Elle allonge le bras. Une lumière vert vif ondoie de ses doigts tendus et prend le voleur dans son filet avant qu’il puisse atteindre la sortie. On entend un grésillement désagréable, un craquement de brindilles et de pommes de pin, au moment où un squelette humain entier est rapidement comprimé à l’intérieur d’une peau très exiguë. Puis un silence. Enfin un tout petit cri aigu.
— Zut ! s’exclame la femme papillon.
— Elle a transformé Louie en souris ! hurle le premier voleur.

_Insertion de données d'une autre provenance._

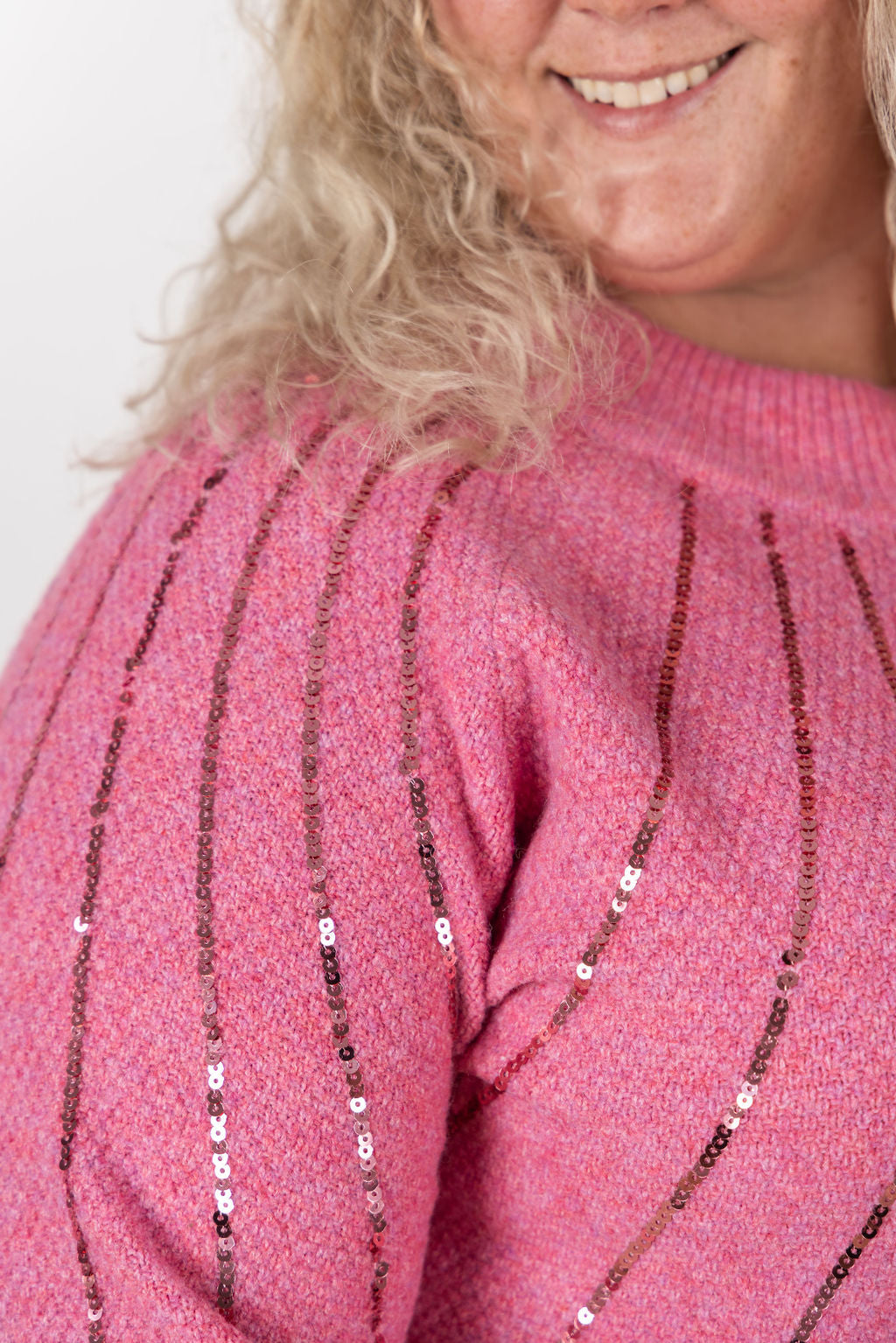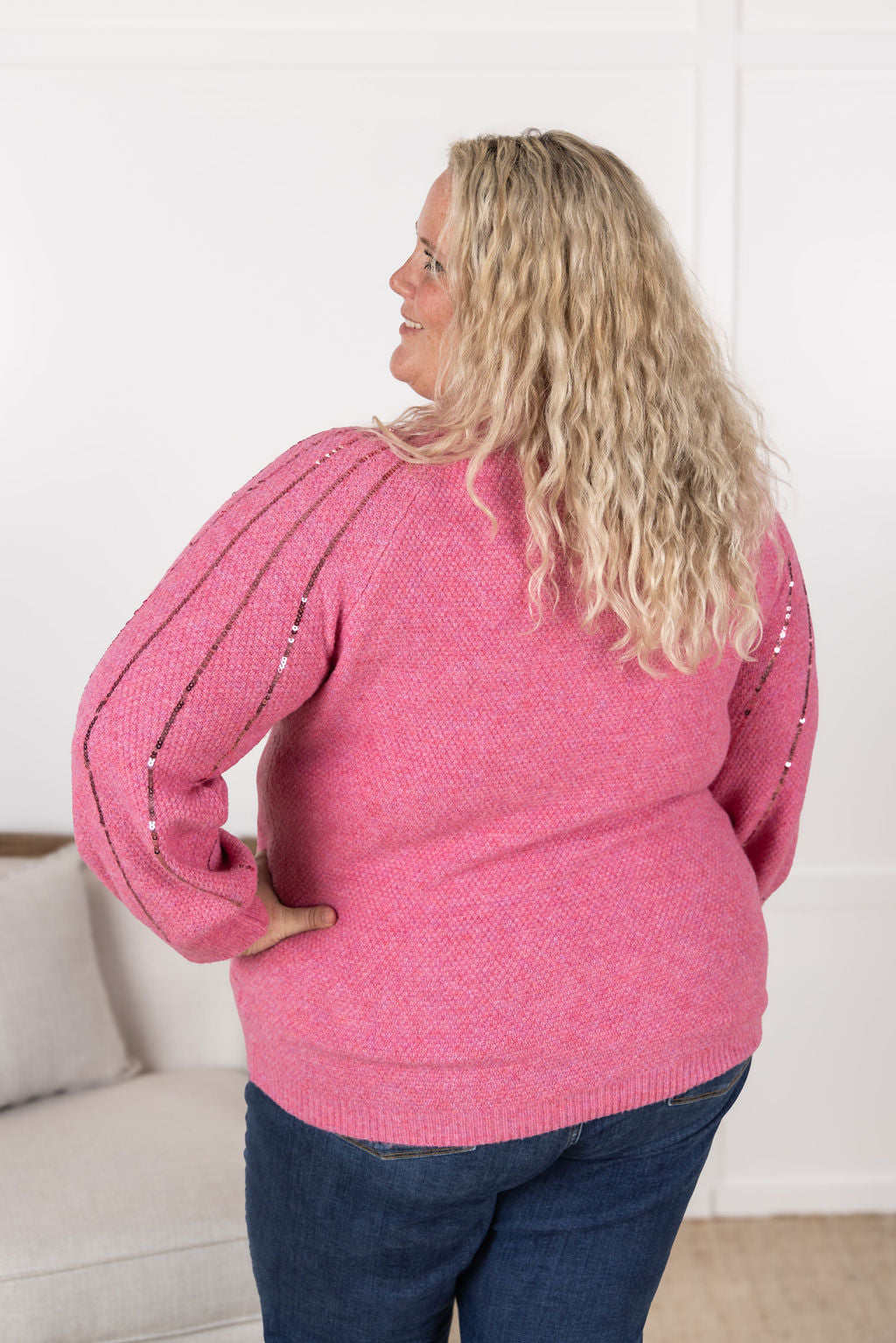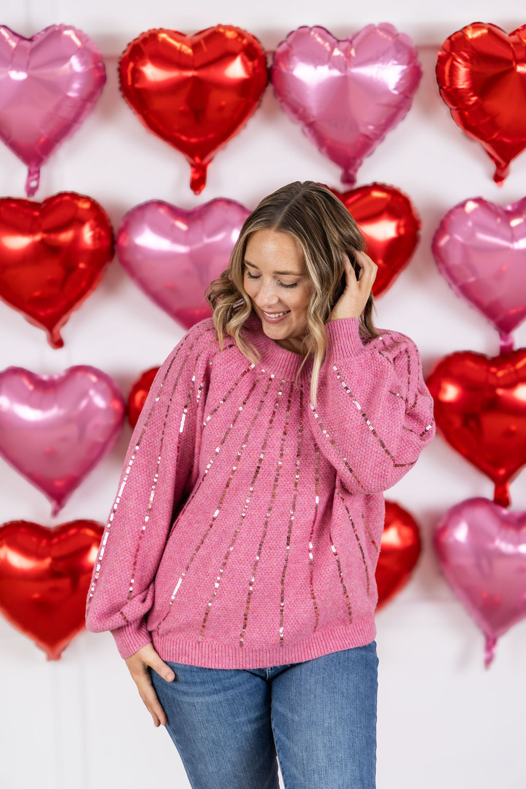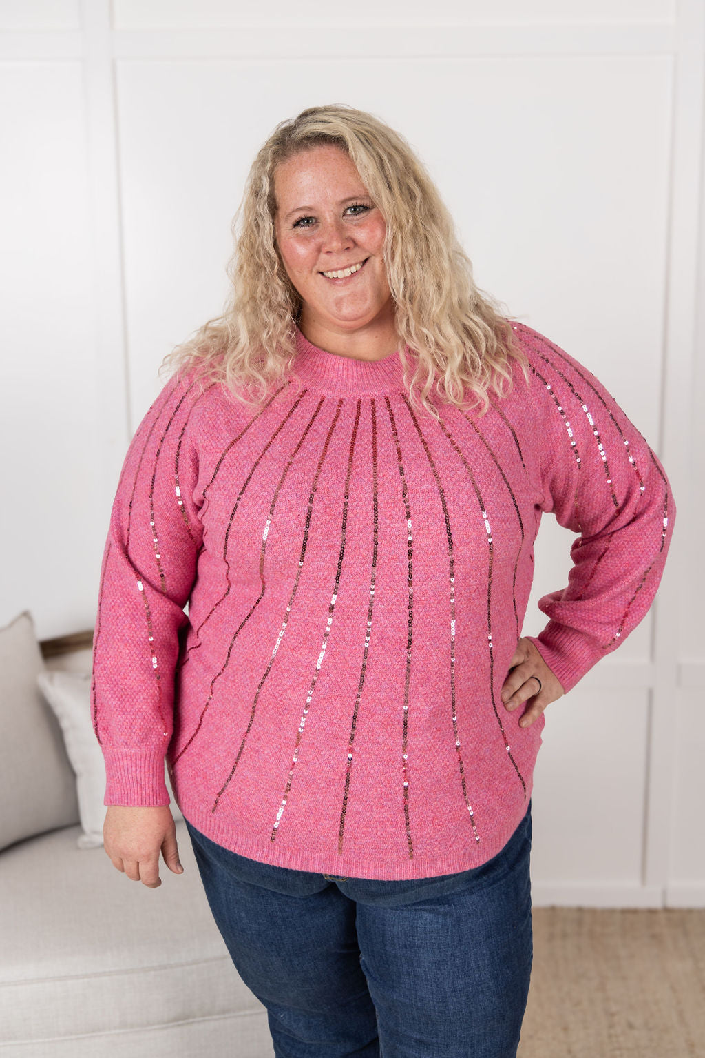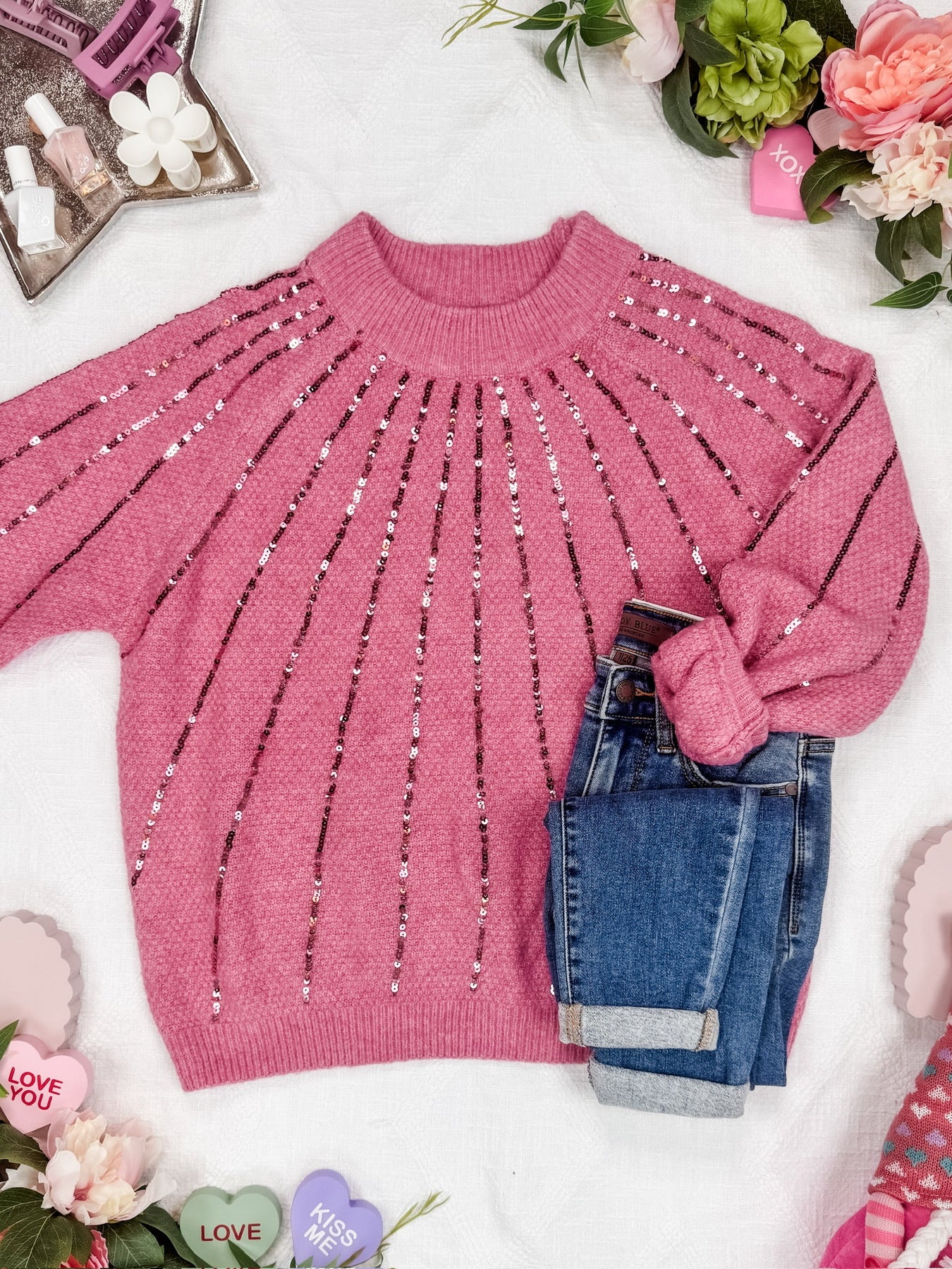 Sparkle in style with our Sparkle Stripes Sweater. This pink sweater is sure to brighten up your wardrobe, with its sparkling stripes adding a touch of glamour to any outfit. Get ready to make a statement and shine with happiness!

Lui aussi court maintenant.
— Plus un pas !
La lumière verte bondit une nouvelle fois. Avec un bruit encore plus répugnant que la fois précédente, les atomes et les fibres du corps du voleur sont réarrangés et réduits à de froids atomes de glace bleutée. Il scintille, tel un homme de diamant. Les bords de son chapeau mou étincellent.
— Hop là ! murmure la femme papillon. Bonté divine !
— Quel genre de poupée es-tu donc ? exige de savoir le dernier voleur. Pourquoi tu nous cherches ?
— Je veux juste vous en faire baver, mon grand, répond-elle.
D’un seul coup, le bonhomme explose en flammes d’une telle intensité qu’elles font fondre son complice d’antan et le transforment en une petite flaque sur le sol. La queue roussie et fumante, la souris fonce se mettre à l’abri de la latte de parquet la plus proche.
— J’ai encore de petites choses à apprendre, je crois, songe la Maîtresse de la nuit de fraîche date.
Elle détache le policier, qui a commencé à reprendre connaissance dans toute cette agitation. Il ouvre les yeux à temps pour voir une femme court vêtue, avec d’énormes ailes vertes, s’élancer dans le ciel. Un moment encore, il se racontera, sans y croire totalement, que cette vision était la dernière image d’un rêve déjà à demi effacé. Ce n’est qu’après être rentré chez lui et être allé examiner sa belle gueule cabossée dans la glace, qu’il découvre sur sa joue la trace rouge en forme de papillon des lèvres de l’inconnue.